■ **WHAT IS BEING ASKED**: Going down the data below, set down exactly the line with "(masterpiece, top quality, best" and each line after it through the line with "Beschreibung: 2002. 100Ft"; no other lines.

■ **MATERIAL SHOWN**:
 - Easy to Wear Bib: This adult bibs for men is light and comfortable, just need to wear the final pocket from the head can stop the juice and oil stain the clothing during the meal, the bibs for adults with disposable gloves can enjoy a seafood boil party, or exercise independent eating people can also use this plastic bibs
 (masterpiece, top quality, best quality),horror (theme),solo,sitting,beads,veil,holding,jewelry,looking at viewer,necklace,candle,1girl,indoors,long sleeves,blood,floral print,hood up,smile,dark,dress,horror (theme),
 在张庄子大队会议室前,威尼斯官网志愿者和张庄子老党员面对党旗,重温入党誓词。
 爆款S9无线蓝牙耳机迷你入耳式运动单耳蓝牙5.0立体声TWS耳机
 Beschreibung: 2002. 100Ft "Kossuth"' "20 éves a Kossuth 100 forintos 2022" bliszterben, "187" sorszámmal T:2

* * *

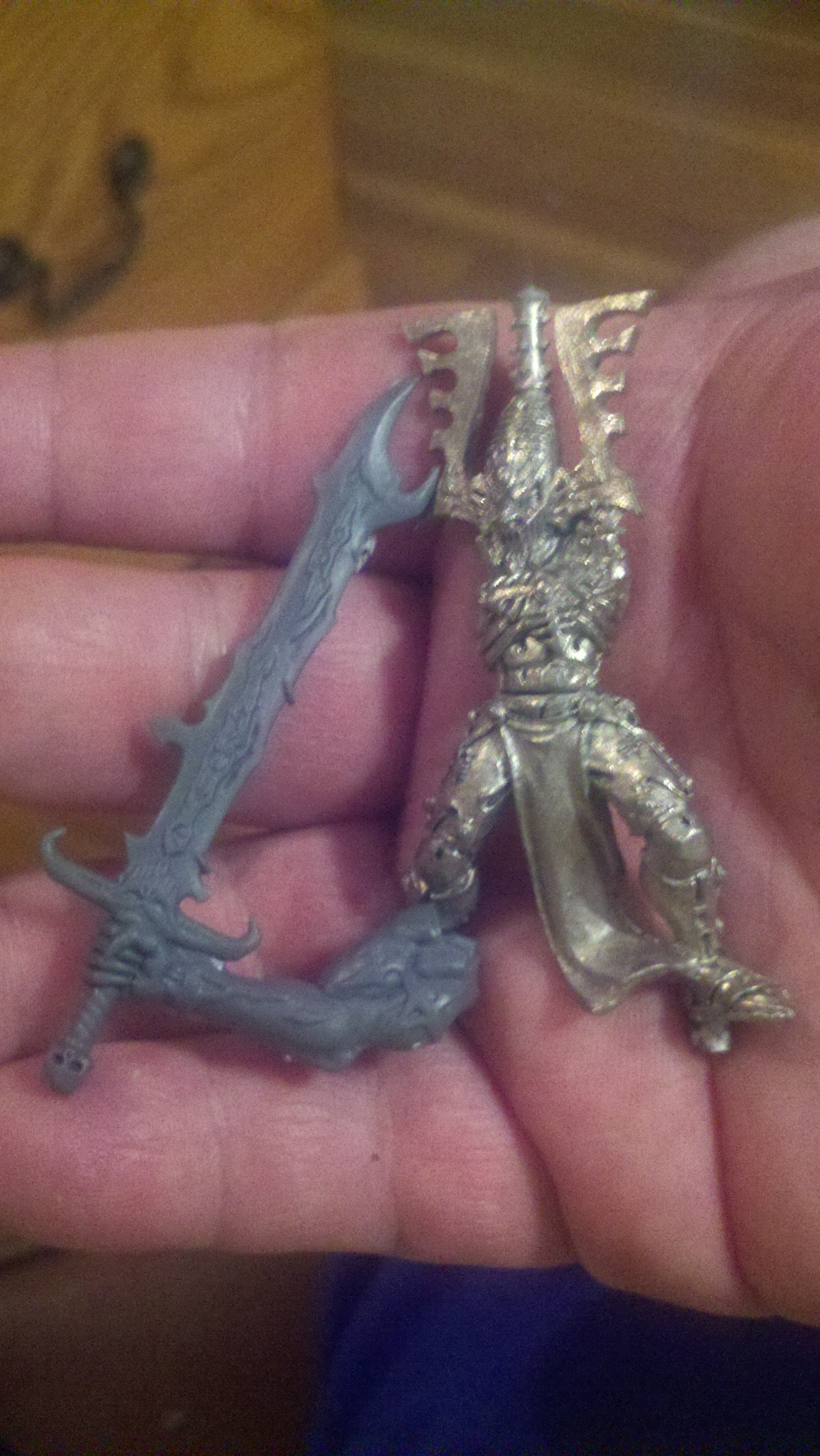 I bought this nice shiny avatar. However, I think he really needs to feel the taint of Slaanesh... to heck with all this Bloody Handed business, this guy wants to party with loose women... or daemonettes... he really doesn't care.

---

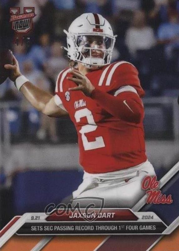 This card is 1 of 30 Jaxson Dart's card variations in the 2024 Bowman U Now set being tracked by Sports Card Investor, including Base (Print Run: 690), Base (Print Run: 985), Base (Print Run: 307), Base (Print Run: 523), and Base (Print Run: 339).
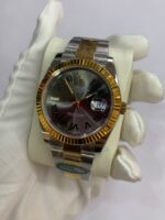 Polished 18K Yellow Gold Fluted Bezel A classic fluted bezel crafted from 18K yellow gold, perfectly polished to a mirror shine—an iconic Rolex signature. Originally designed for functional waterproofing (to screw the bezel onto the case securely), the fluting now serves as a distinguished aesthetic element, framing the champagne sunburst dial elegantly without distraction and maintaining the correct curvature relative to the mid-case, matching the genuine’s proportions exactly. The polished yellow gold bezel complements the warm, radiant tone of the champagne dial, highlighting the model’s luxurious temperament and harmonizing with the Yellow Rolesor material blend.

■ **RESULT BELOW**:
 (masterpiece, top quality, best quality),horror (theme),solo,sitting,beads,veil,holding,jewelry,looking at viewer,necklace,candle,1girl,indoors,long sleeves,blood,floral print,hood up,smile,dark,dress,horror (theme),
 在张庄子大队会议室前,威尼斯官网志愿者和张庄子老党员面对党旗,重温入党誓词。
 爆款S9无线蓝牙耳机迷你入耳式运动单耳蓝牙5.0立体声TWS耳机
 Beschreibung: 2002. 100Ft "Kossuth"' "20 éves a Kossuth 100 forintos 2022" bliszterben, "187" sorszámmal T:2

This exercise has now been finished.